At the heart of the health care debate that will soon occupy Washington is just that conundrum. As an intellectual matter, it’s one thing to say that it makes no sense for a country to spend so much on procedures that ultimately will do little to extend or improve the lives of those nearing death. But as a personal matter, it’s another to deny your own grandmother an operation that may at least make her last days more comfortable.

Some conservatives have cited Mr. Obama’s story to make the case that his plan to expand access to health care and reduce costs ultimately will result in rationing, of the kind that might have denied his grandmother the surgery unless she paid the bill on her own.

“To me, Obama is laying out the intellectual case for health care rationing while acknowledging the potential human costs of such a policy,” wrote Matthew Continetti on the Web site of the Weekly Standard magazine. “He’s saying that, in order to contain costs, under a universal health care program his grandmother might have been denied that hip replacement, or forced to pay for it herself. This is the natural consequence of a universal policy, which would bankrupt the country without some form of rationing care.”

Advocates on the other side of the debate reject the label. “I think Obama was trying to invoke the notion of tradeoffs more than rationing,” said Len Nichols, who directs the health care program at the New America Foundation, a Washington research organization. “Curative care for his grandmother was futile. Rationing is when efficacious care is denied to save money, perhaps to provide basic care to another, but nevertheless consciously denied.”

Drew Altman, president of the Henry J. Kaiser Family Foundation, said that nothing envisioned in the current health care legislation would take decisions about end-of-life care away from patients or doctors.
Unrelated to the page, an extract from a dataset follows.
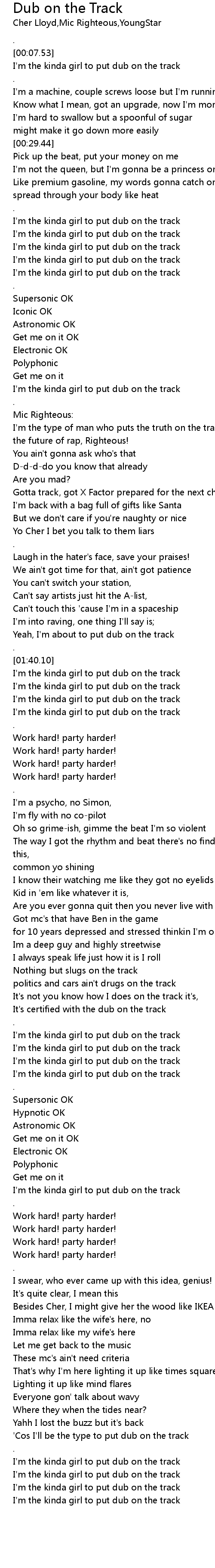 I'm the kinda girl to put dub on the track |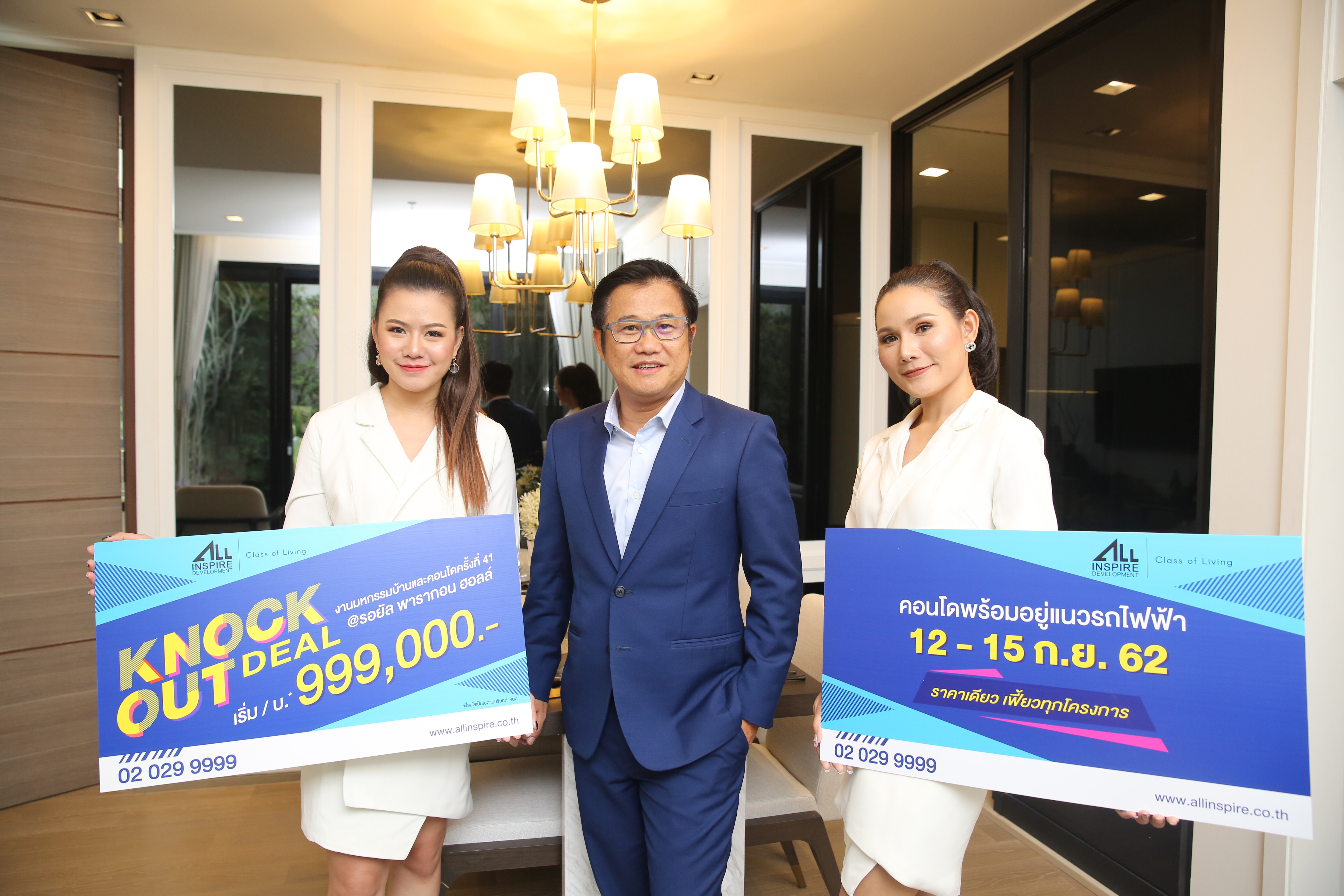 5 กันยายน 2562 : จัดโปรโมชั่นดีๆ เอาใจผู้ที่อยากช้อปที่อยู่อาศัยกันอีกแล้ว โดยนายธนากร ธนวริทธิ์ ประธานเจ้าหน้าที่บริหาร บมจ. ออลล์ อินสไปร์ ดีเวลลอปเม้นท์ (ALL) ระดม 10 โครงการคุณภาพทั้งทาวน์โฮมและคอนโดมิเนียม สุดยอดทำเล ใกล้รถไฟฟ้า มาจัดแคมเปญพิเศษ “KNOCK OUT DEAL ราคาเดียว เฟี้ยวทุกโครงการ” ในงานมหกรรมบ้านและคอนโด ครั้งที่ 41 ซึ่งจะจัดขึ้นระหว่างวันที่ 12 – 15 ก.ย. นี้ ในราคาเริ่มต้นที่ 999,000 บาท* (ขึ้นอยู่กับโครงการและเงื่อนไขของบริษัท) โครงการเข้าร่วมแคมเปญ ได้แก่

“One of the great lessons of the Clinton debate was not to scare the public that health reform would change their current medical arrangements,” he noted. “Health care is front and center again because of the problems average Americans are having paying their health care and health insurance bills in the middle of a recession, and that’s the core problem health reform legislation has to address.”

When I read that quote in the NY Times magazine on Sunday, I cringed. I wish he hadn’t said it. Yes, end of life expenditures are an issue. But if the administration agrees with Steny Hoyer that they can pass health care as a money saving measure and have the debate turn on which services will be denied, it’s going to be a much tougher battle.

Here’s the typical headline you can expect:

Obama’s health care reform is bad news for seniors

Frank Luntz spelled it out in his memo. There’s nothing surprising or new about it. It’s a gently tweaked version of the 1994 Kristol memo. Nobody should be surprised that they will fear monger.

But this beltway obsession with debt, sacrifice, cost etc — something that only seems to surface during Democratic administrations — will end up strangling reform if the Democrats don’t start disciplining their rhetoric and recognize that while it is evident that something must be done about health care, it is not evident to the public that “rationing” is inevitable. If it comes to believe that it is, the American people might just figure they’re better off with what they have.

I’m not really sure why so many Democrats feel it’s a smart thing to endlessly emphasize sacrifice instead of relief during a major economic crisis, but they seem to think it’s quite a clever approach. “Nothing to fear but fear itself” has been replaced by “the suffering has only begun” as a rallying cry.

But what do I know? Maybe it’ll work. These are political professionals. They must know what they’re doing right?